19(1) No person shall be qualified for election to a House of Assembly if-

(e) being a person employed in the public service of the Federation or of any State, or of any Local Government or Area Council, he has not resigned, withdrawn or retired from the employment at least 30 days to the date of the election or” …” (Italics mine)

It is not in dispute that the appellant was a person employed in the public service of the Local Government of Igboeze North. This point is conceded by both sides. The question for consideration before the tribunal and therefore before this court is whether “he has not resigned, withdrawn or retired from the employment at least 30 days to the date of the election”. Whether he has or has not done the above is a matter of evidence. The onus was on the respondent who was the petitioner in the tribunal to prove that the appellant had not resigned, withdrawn or retired from the said employment. Exh. 1 with the endorsement “resignation accepted” would have gone a long way in proving the resignation of the appellant.

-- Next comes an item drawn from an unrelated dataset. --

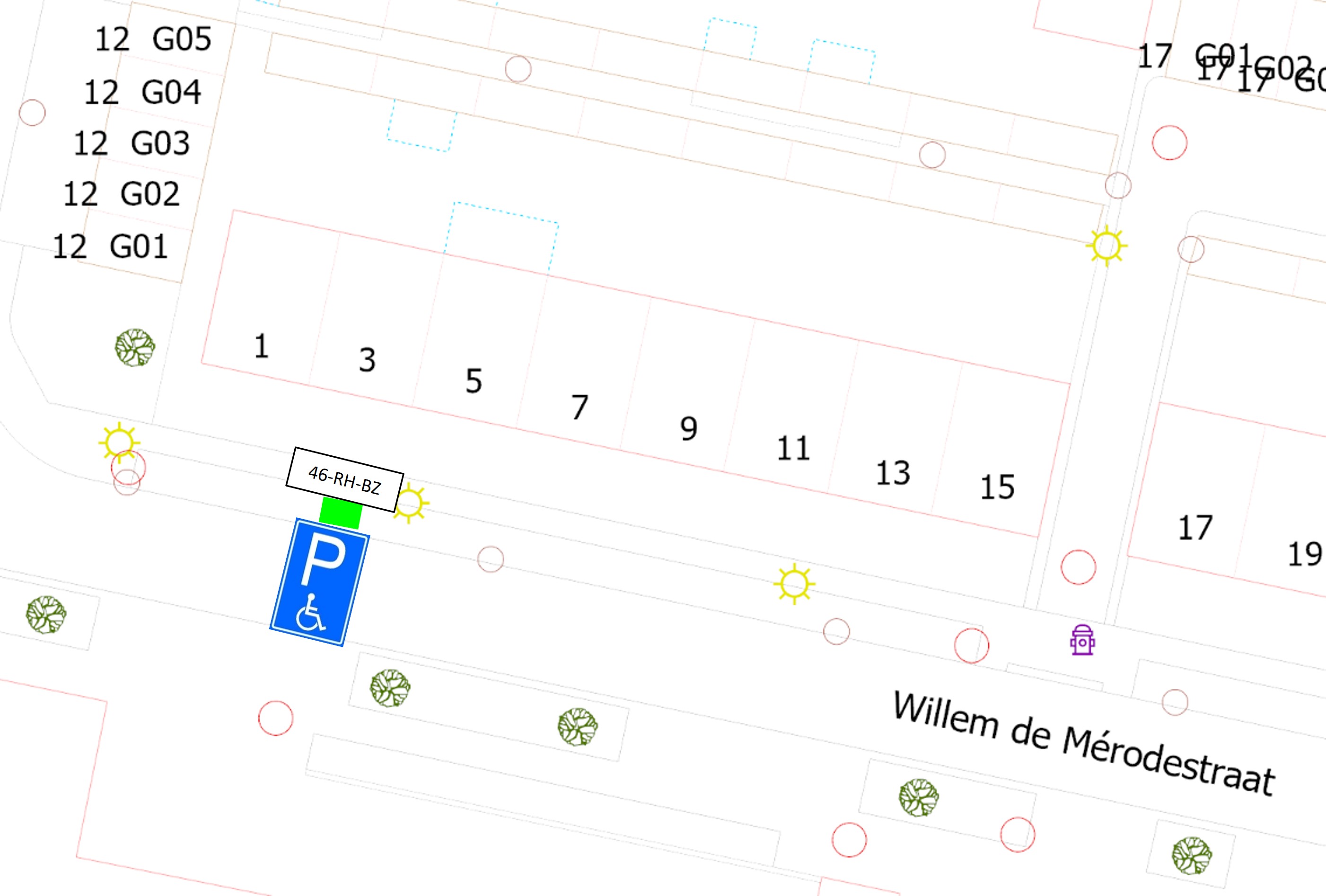 Het aanwijzen en inrichten van een gehandicaptenparkeerplaats op kenteken aan de Willem de Mérodestraat, ter hoogte van perceelnummer 3, door het plaatsen van het verkeersbord E6 van het RVV 1990 met onderbord met kenteken 46-RH-BZ, zoals is aangegeven op de overzichtstekening in dit besluit.

There is however, abundant evidence in the record, the effect of which detracted seriously from the probative value of Exh.1. At page 27 of the record, P.W.1 Emmanuel Ugu Madu, a Director of Personnel at the Local Government Service Commission Enugu testified in part as follows:

“A staff of the Local Government Service Commission can only resign his appointment by giving one month notice of intention to resign or pays one month salary in lieu of notice. The 1st respondent (now appellant) did not do any of the above. As is (sic) to say he did not give one month notice or paid one month salary in lieu of notice”.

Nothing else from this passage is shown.